> **Assignment**:
Give back the whole listing exactly as written, pictures excluded.

> **Exercise data**:
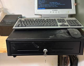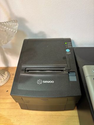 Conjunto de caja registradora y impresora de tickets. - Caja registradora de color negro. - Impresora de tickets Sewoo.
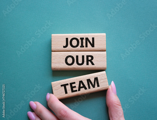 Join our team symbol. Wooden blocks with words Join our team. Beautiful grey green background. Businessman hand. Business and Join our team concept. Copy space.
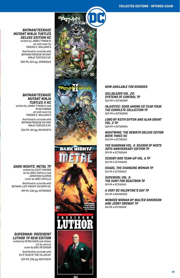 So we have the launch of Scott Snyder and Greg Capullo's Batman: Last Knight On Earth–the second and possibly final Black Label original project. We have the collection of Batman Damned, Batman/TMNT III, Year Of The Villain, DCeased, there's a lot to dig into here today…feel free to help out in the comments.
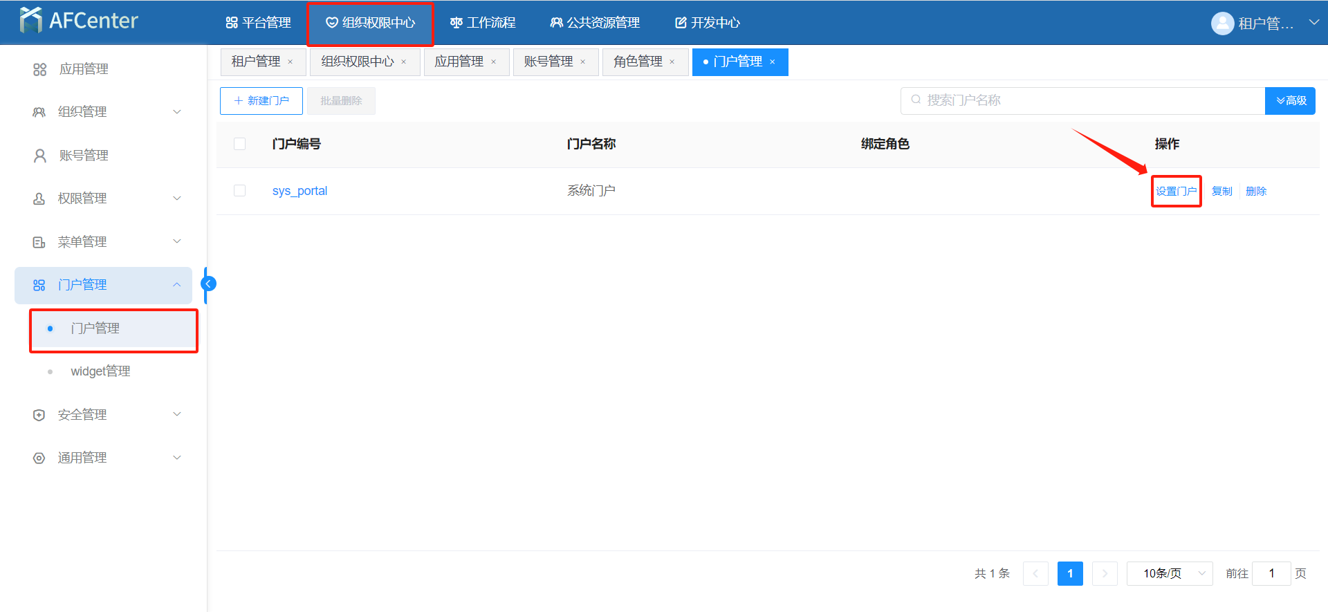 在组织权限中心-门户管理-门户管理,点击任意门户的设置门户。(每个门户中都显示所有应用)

> **Your response**:
 Conjunto de caja registradora y impresora de tickets. - Caja registradora de color negro. - Impresora de tickets Sewoo.
 Join our team symbol. Wooden blocks with words Join our team. Beautiful grey green background. Businessman hand. Business and Join our team concept. Copy space.
 So we have the launch of Scott Snyder and Greg Capullo's Batman: Last Knight On Earth–the second and possibly final Black Label original project. We have the collection of Batman Damned, Batman/TMNT III, Year Of The Villain, DCeased, there's a lot to dig into here today…feel free to help out in the comments.
 在组织权限中心-门户管理-门户管理,点击任意门户的设置门户。(每个门户中都显示所有应用)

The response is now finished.